Copy out precisely the lines of the material that follows, beginning with the line containing "4、玩家可以尝试探索沉船,或者在海里来回游泳,试图找到其他鱼和生物来吃。" and ending with its last line; exclude pictures.

— Supplied data —
....
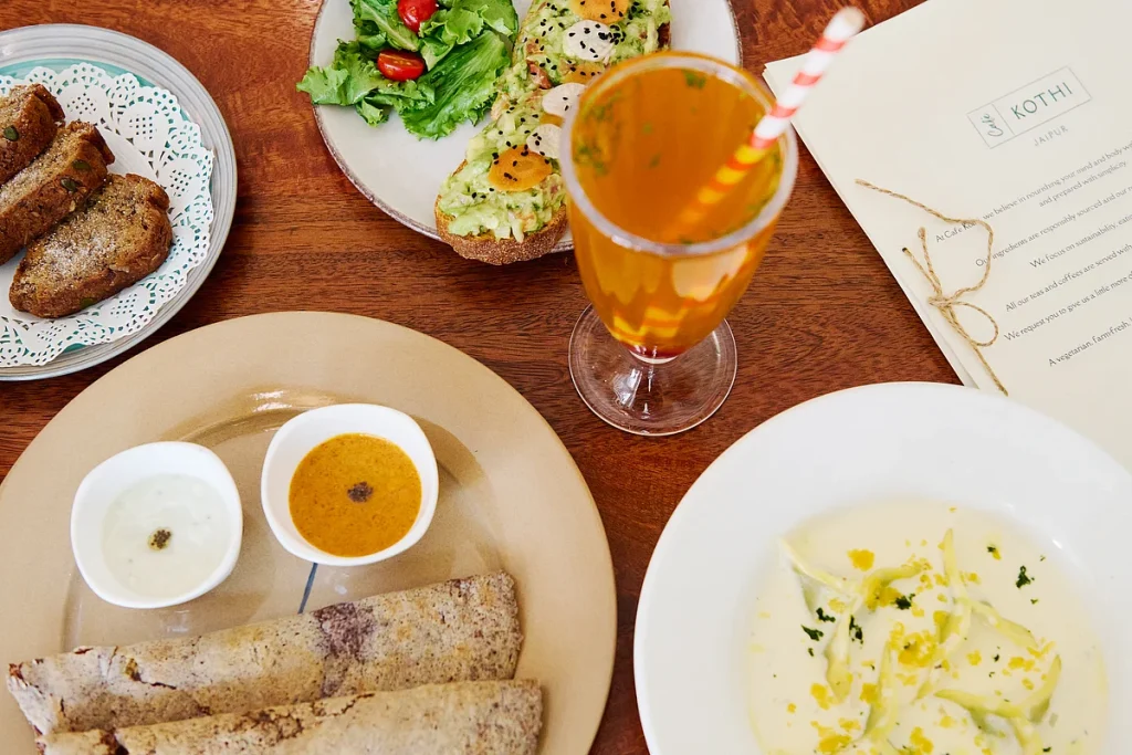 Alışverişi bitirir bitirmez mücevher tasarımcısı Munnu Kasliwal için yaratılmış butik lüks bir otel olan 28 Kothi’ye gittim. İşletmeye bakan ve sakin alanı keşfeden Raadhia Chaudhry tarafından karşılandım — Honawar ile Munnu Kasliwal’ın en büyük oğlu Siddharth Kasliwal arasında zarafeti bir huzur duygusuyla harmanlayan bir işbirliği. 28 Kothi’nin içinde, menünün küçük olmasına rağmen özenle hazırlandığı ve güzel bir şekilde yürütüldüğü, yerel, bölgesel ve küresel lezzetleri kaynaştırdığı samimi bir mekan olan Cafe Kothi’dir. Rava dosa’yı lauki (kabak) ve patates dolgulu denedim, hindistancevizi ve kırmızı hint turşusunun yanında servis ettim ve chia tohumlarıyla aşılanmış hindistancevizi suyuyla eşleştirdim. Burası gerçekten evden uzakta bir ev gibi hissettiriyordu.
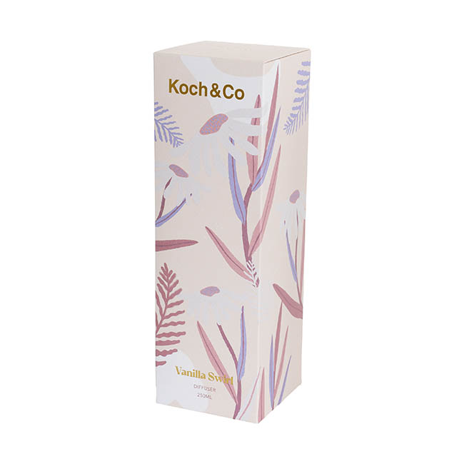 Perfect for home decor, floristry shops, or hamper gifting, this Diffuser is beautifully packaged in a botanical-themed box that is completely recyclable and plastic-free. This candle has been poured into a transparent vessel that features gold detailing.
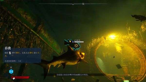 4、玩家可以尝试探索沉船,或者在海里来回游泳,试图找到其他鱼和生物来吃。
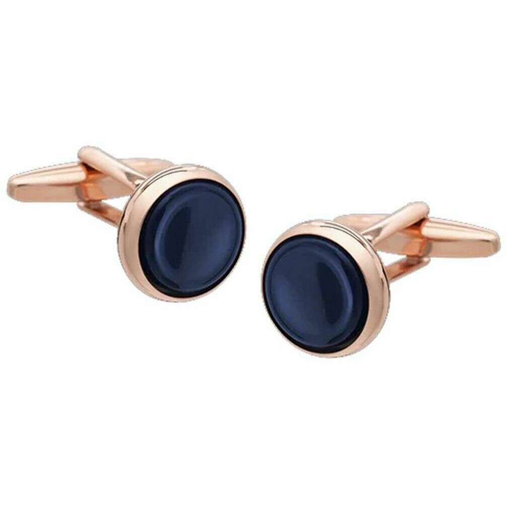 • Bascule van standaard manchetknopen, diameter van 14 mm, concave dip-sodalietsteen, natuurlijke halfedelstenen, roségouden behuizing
....
— Exercise result —
 4、玩家可以尝试探索沉船,或者在海里来回游泳,试图找到其他鱼和生物来吃。
 • Bascule van standaard manchetknopen, diameter van 14 mm, concave dip-sodalietsteen, natuurlijke halfedelstenen, roségouden behuizing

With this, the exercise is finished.